I think management is key. Don't leave things out for her to get (I know - easier said than done) or keep her confined to rooms where she can't get things. The thing is, every time she gets something, she's reinforced for her behavior. And if she only gets things sometimes, it's even worse (a variable ratio reinforcement schedule creates behaviors that are most resistant to extinction). You need to completely break the habit of being reinforced for her undesirable behavior. 

Here are a few resources:
How to Put an End to Counter-Surfing


----------



## lily cd re (Jul 23, 2012)

This is a very challenging problem. If not nipped in the bud it is a very hard behavior to extinguish because it is often self rewarding. The best thing is to take away all things that the dog will find rewarding and hope that they stop once they realize there is nothing fun to find. Lily still looks sometimes, but not nearly so often since we are religious about taking away the stuff she wants.


----------



## NYNIC715 (Oct 15, 2012)

Try a little butter apple spray on the edge of the kitchen counter to see if that helps... I am not sure about the dresser - but perhaps first see if the bitter apple does help in the kitchen...


Sent from Petguide.com Free App


----------



## P2alix (Jul 4, 2013)

I saw a training vid on you tube where on training your dog not to counter surf 

http://m.youtube.com/watch?v=xZCIeEUm_n8&desktop_uri=/watch?v=xZCIeEUm_n8
Anyway instead of punishing your dog for counter surfing you reward not doing it. I hope this helps 


Sent from Petguide.com Free App


----------



## cavon (Aug 10, 2010)

Although he is not perfect, Finnegan is much better than he was when he was younger. 

When he would stand up at the counter, I would take him by the collar and say "NO", then walk him over to his dog bed and wait until he settled and praise the heck out of the settle with a treat always at first and then mix between a toy, treat, or verbal praise. The thing is to offer an optional activity when you tell them no.


----------



## Joelly (May 8, 2012)

Charlie, my toypoo mix (see signature for picture) 12-14lbs. He likes to counter surf too and even put himself on the counter to then surf. The most effective way for me to stop him from doing this is every time he jump up on the counter and/or put his two paws to surf the counter, I would calmly lift him up and guide him calmly to his crate. 2 minutes in there then I release him. I do this repeatedly every time he tries to counter surf and he eventually get it that counter surf is a big no-no for mommy.

Unfortunately, I can't say firm No! to Charlie as he gets startled quickly and will resulted in him fearful of me which means that he doesn't understand what's wrong. So if I see him doing anything I don't like, in the crate he goes. It gets to the point where I only need to click my tongue to my teeth that he knows he is doing something wrong and he will walk himself to the crate then I'll go over and close the door and 2 minutes later I will release him. Not always though, he is a stubborn one.
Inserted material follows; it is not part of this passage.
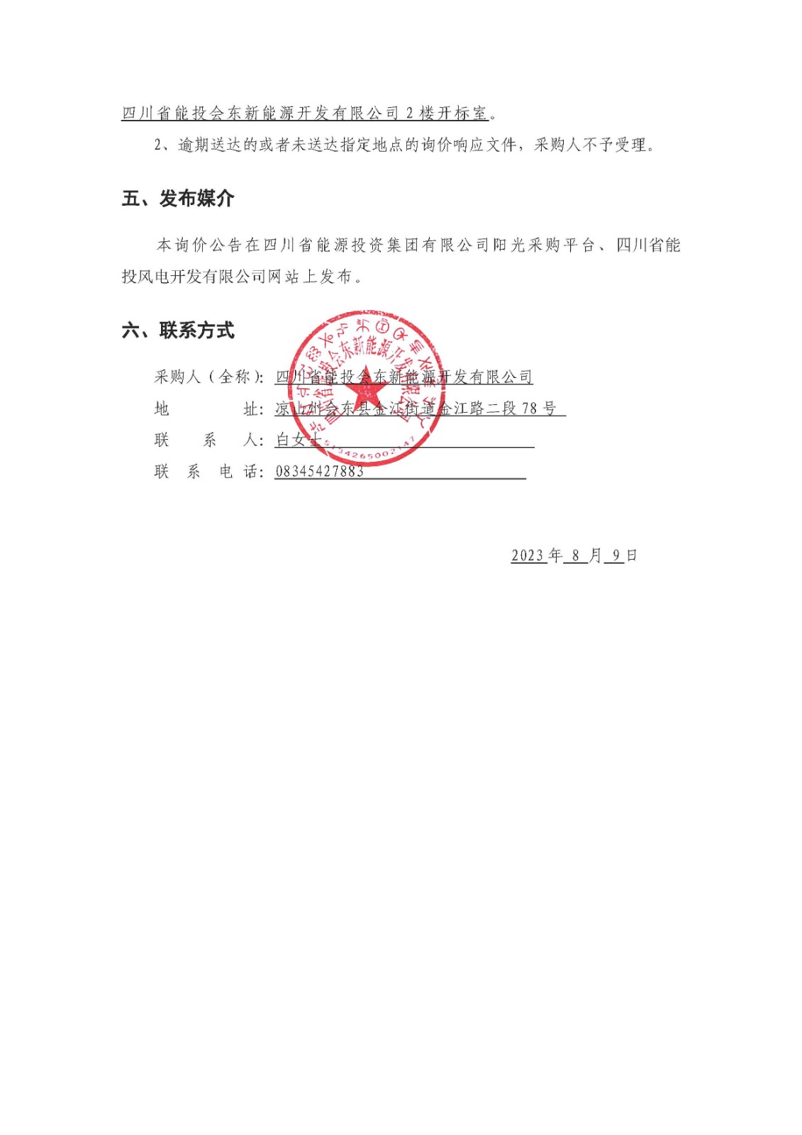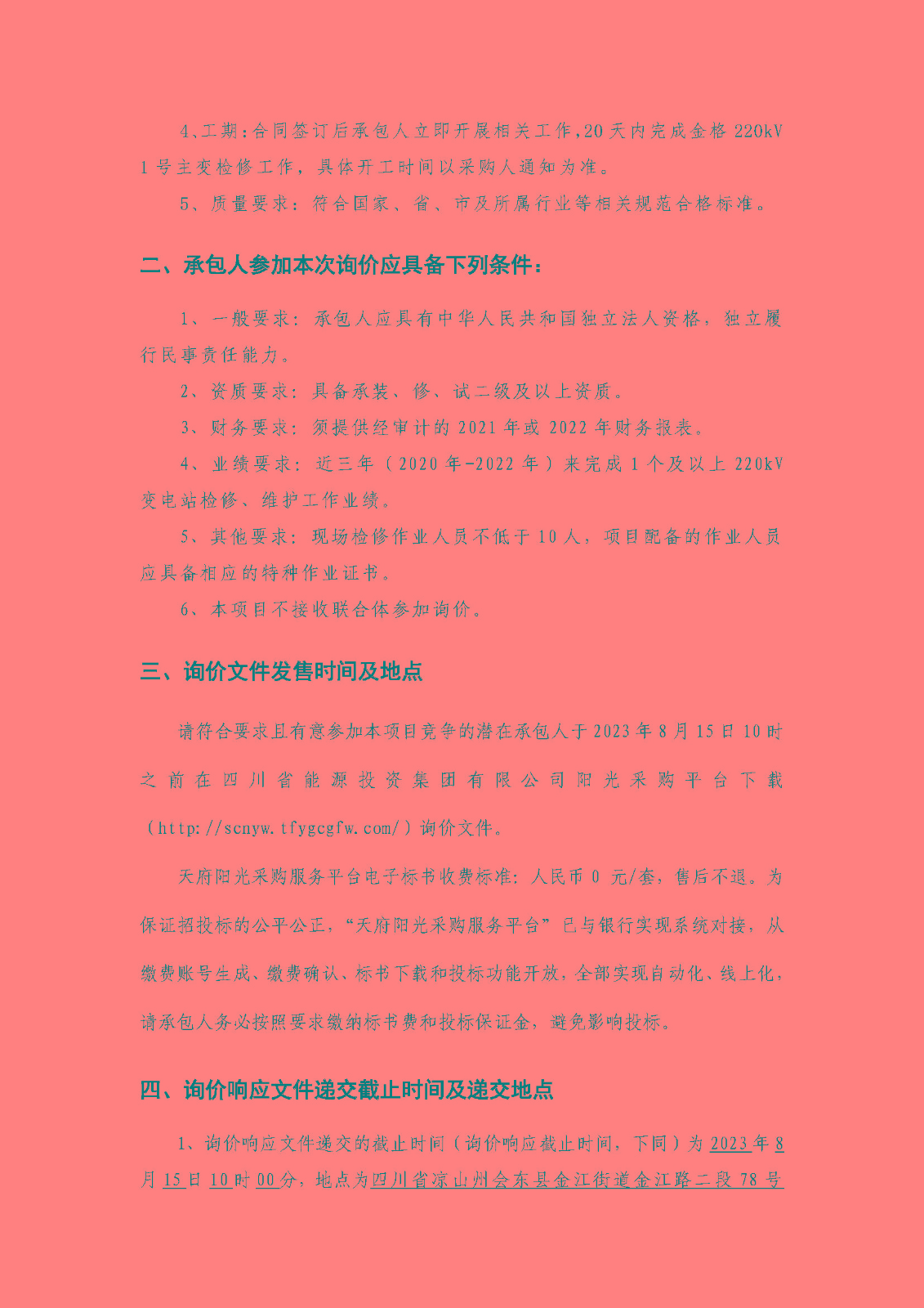 请符合要求且有意参加本项目竞争的潜在承包人于2023年8月15日10时之前在四川省能源投资集团有限公司阳光采购平台下载(http://scnyw.tfygcgfw.com/)询价文件。

Lately, he would lift his both front paws but won't lean on the counter and he just surf like peaking onto the counter. Well, this prevent me from getting him into the crate because technically there is nothing wrong with that. If he caught me looking, he would start waving his both front paw in a begging command. What do I do? I have the most stubborn one ever.


----------



## lily cd re (Jul 23, 2012)

I don't understand how a dog as small as yours get himself onto the counter. I would think as long as you don't have things he can climb up near the counter you shouldn't have an issue. Lily is tall enough to reach things that are as far away from the edge as they can possibly be. So, enlighten me about how Charlie ever had the opportunity for counter surfing.
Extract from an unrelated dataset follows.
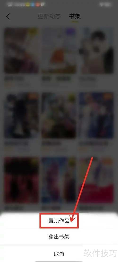 4、 在底部弹出窗口中选择置顶作品,即可将关注的漫画置顶。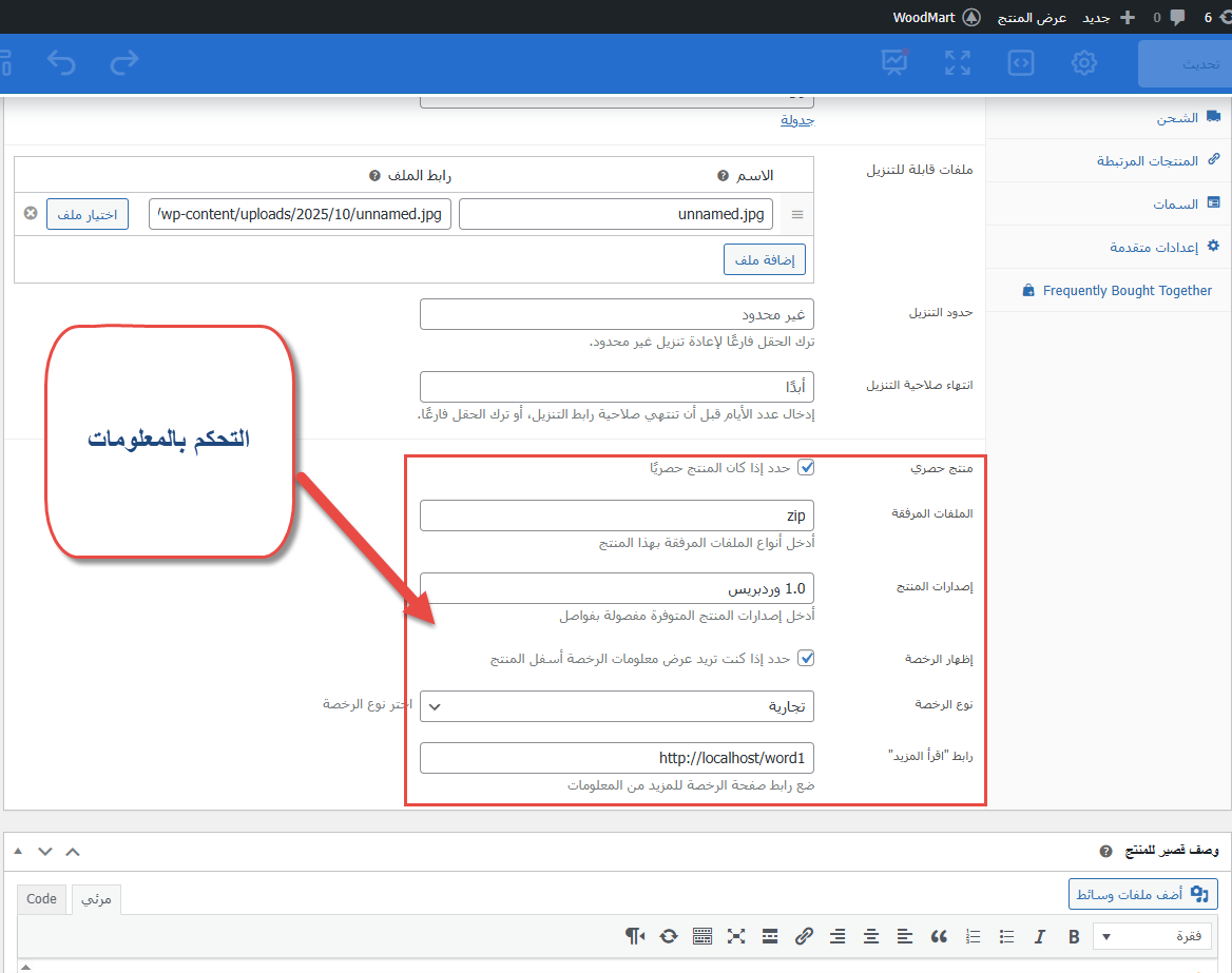 اضافة وردبريس عرض معلومات المنتج المتقدمة

To answer your question I have found this very hard behavior to extinguish so I just make sure there is no self rewarding opportunity. She still looks, just not so often. That is our compromise.


----------



## CharismaticMillie (Jun 16, 2010)

The most effective way to handle this is to never leave anything out on the counter. And I speak from experience! (cough:Millie:cough)


----------



## Joelly (May 8, 2012)

lily cd re said:


> I don't understand how a dog as small as yours get himself onto the counter. I would think as long as you don't have things he can climb up near the counter you shouldn't have an issue. Lily is tall enough to reach things that are as far away from the edge as they can possibly be. So, enlighten me about how Charlie ever had the opportunity for counter surfing.
> 
> To answer your question I have found this very hard behavior to extinguish so I just make sure there is no self rewarding opportunity. She still looks, just not so often. That is our compromise.
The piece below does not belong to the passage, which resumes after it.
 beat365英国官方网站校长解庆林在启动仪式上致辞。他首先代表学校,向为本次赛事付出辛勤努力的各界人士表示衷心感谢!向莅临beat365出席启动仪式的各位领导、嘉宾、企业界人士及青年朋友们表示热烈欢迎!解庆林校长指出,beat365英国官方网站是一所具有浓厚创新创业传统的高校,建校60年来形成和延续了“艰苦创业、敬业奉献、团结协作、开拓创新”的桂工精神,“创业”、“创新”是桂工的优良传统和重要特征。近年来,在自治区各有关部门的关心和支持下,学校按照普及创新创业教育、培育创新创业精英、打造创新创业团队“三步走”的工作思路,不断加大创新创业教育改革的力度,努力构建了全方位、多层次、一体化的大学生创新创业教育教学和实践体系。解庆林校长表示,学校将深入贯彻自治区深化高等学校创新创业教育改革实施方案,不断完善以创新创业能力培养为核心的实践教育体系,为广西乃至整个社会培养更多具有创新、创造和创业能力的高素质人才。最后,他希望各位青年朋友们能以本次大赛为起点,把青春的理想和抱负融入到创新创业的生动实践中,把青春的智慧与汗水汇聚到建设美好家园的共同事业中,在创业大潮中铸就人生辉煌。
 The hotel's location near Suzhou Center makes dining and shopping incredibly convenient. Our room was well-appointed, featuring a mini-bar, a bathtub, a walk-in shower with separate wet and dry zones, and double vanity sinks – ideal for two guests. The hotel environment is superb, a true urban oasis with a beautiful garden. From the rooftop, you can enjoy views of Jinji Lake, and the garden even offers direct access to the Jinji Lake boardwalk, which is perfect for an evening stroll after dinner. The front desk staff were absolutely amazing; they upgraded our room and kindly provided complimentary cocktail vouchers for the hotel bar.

Trust me! It is surprising me and the trainer as well. He is very springy (quote the trainer) and about 12 inch tall. I'm so glad that Charlie and Edison are both toy poodle, otherwise, their energy alone can cause a whole new chaos in my already chaotic apartment. 

He uses the stepper in the kitchen if he wants to take a peek or climb onto the kitchen counter but this one is rare because there are lots of appliances that Charlie is scare to death of. In addition, there is that trash can that try to eat him when he was a baby and he is still scare to death of now. So that's good because he won't get to the trash. At least I get one thing going. 

The counter that he mostly would serve is the one attached to the kitchen counter, it serves like a bar that has stool to sit on for breakfast and/or dinner. He uses the stepper to get to that counter. We have dining table which Charlie loves to surf because my husband's stuff is often on it. He loves to use our dining room to work every now and then. Charlie uses the dining chair to step onto the dining table. OR he will use the lap of whoever sit in that dining chair to get onto the dining table.

Also, there is a table in the living room which we put our keys and his leash is on the row on top of that table. I also put the training pouch there on top of that table. He couldn't climb up on this table but he will put both his paws to try to get to his leash but he can only go as far as getting the treat pouch to give to me when he wants me to walk him. I don't train him any of this, FYI. I walk him based on schedule not whether or not he wants to pee, he usually waits accordingly but lately he has been more pushy than ever about getting us to walk him.

He goes in the crate if I caught him counter surf while I'm at home. If nobody home, we usually will place the chair upside down and lock the stepper in the pantry room.

Sounds like a lot of work now that I'm typing these down.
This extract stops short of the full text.